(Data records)
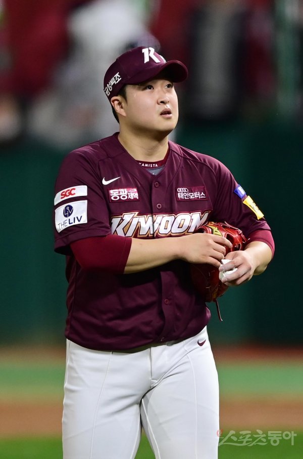 7일 인천 SSG랜더스필드에서 열린 ‘2022 신한은행 SOL KBO리그’ 한국시리즈 5차전 SSG 랜더스와 키움 히어로즈의 경기에서 8회말 1사 1루 SSG에 투런 홈런을 허용한 키움 김재웅이 아쉬워하고 있다.
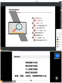 为增强商学院学生防诈骗意识,切实提高学生安全防范能力,构建和谐平安的校园环境,6月15至18日,商学院各年级在线上召开反诈骗知识宣讲会。各年级辅导员担任宣讲员。
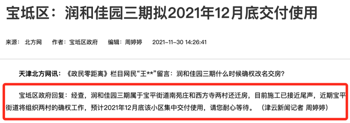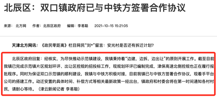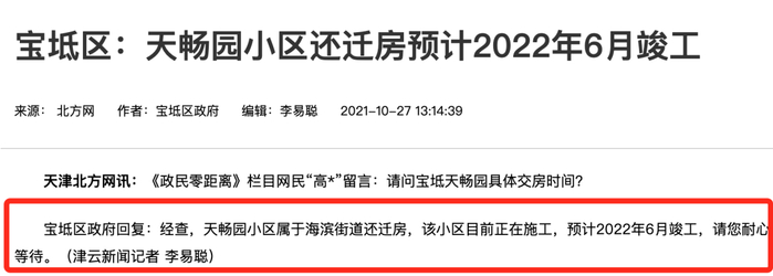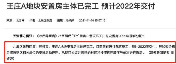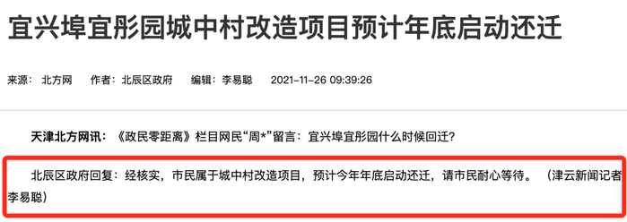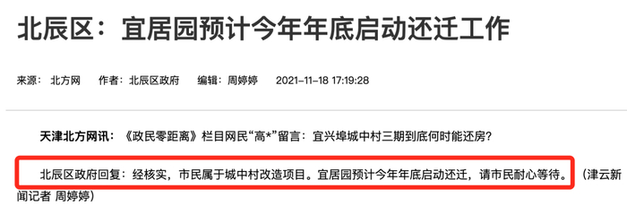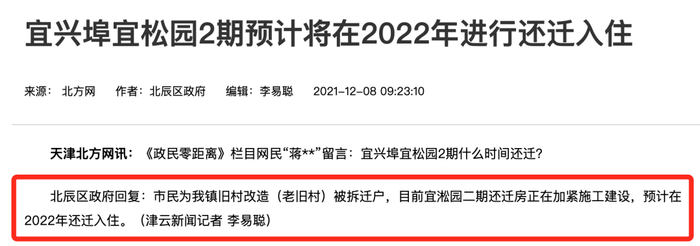 北辰区宜居园预计今年年底启动还迁工作
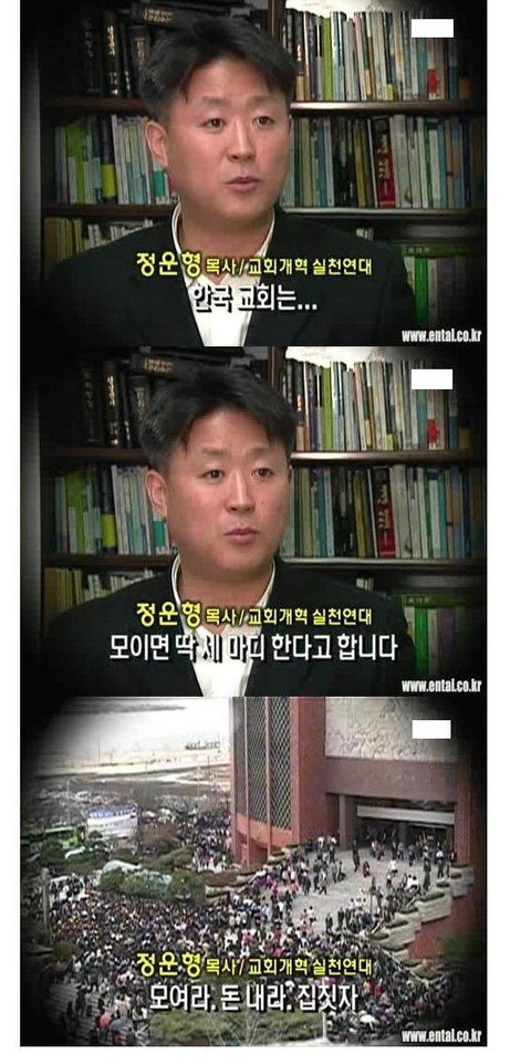 솔직히 교회다니는 사람으로써도 요즘 한국교회 많이 썩은거 압니다. 그런데요 글쓴이님 마지막짤은 성경을 잘못 해석하신것 같네요. 그것만이라도 지워주시길 간곡히 부탁드립니다. 그리고 저희들도 이단들이 크리스천이라며 개독질하는것 하나님의 이름으로 물질을 챙기는 것들을 보면 화가나는것은 마찬가지 입니다. 예수께서 성전에 들어가사 성전안에서 매매하는 모든 사람들을 내쫓으시며 돈 바꾸는 사람들의 상과 비둘기파는 사람들의 의자를 둘러 엎으시고 그들에게 이르시되 기록된바 내 집은 기도하는 집이라 일컬음을 받으리라 하였거늘 너희는 강도의 소굴을 만드는도다 하시니라 (마태복음 21장 12~13절)
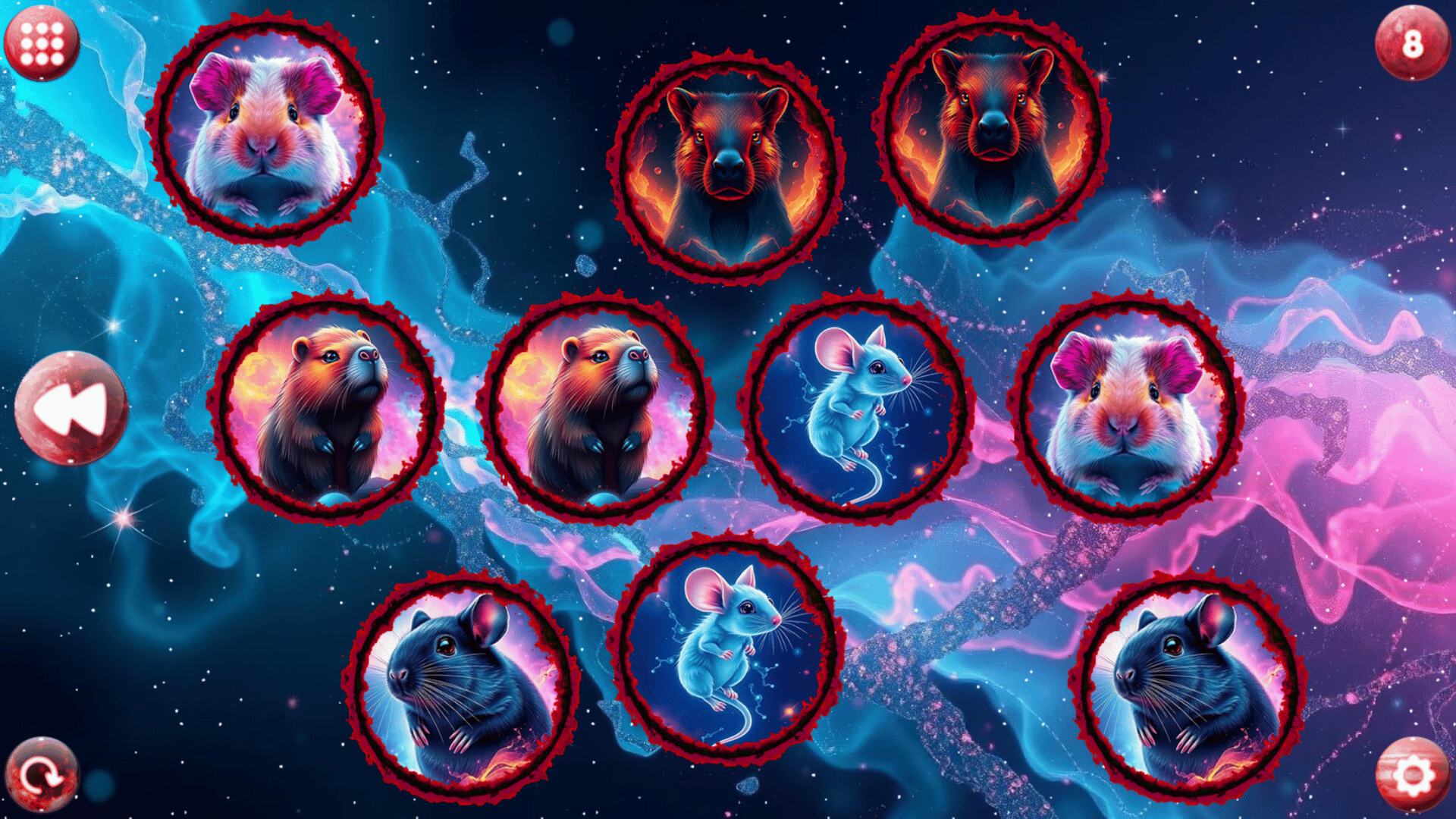 Cute, relaxing memory game where you match pairs of adorable rodents in space

◆ **PROBLEM TO SOLVE**
No pictures go in the copy. Set down all the data exactly.

◆ **TASK ANSWER**
 7일 인천 SSG랜더스필드에서 열린 ‘2022 신한은행 SOL KBO리그’ 한국시리즈 5차전 SSG 랜더스와 키움 히어로즈의 경기에서 8회말 1사 1루 SSG에 투런 홈런을 허용한 키움 김재웅이 아쉬워하고 있다.
 为增强商学院学生防诈骗意识,切实提高学生安全防范能力,构建和谐平安的校园环境,6月15至18日,商学院各年级在线上召开反诈骗知识宣讲会。各年级辅导员担任宣讲员。
 北辰区宜居园预计今年年底启动还迁工作
 솔직히 교회다니는 사람으로써도 요즘 한국교회 많이 썩은거 압니다. 그런데요 글쓴이님 마지막짤은 성경을 잘못 해석하신것 같네요. 그것만이라도 지워주시길 간곡히 부탁드립니다. 그리고 저희들도 이단들이 크리스천이라며 개독질하는것 하나님의 이름으로 물질을 챙기는 것들을 보면 화가나는것은 마찬가지 입니다. 예수께서 성전에 들어가사 성전안에서 매매하는 모든 사람들을 내쫓으시며 돈 바꾸는 사람들의 상과 비둘기파는 사람들의 의자를 둘러 엎으시고 그들에게 이르시되 기록된바 내 집은 기도하는 집이라 일컬음을 받으리라 하였거늘 너희는 강도의 소굴을 만드는도다 하시니라 (마태복음 21장 12~13절)
 Cute, relaxing memory game where you match pairs of adorable rodents in space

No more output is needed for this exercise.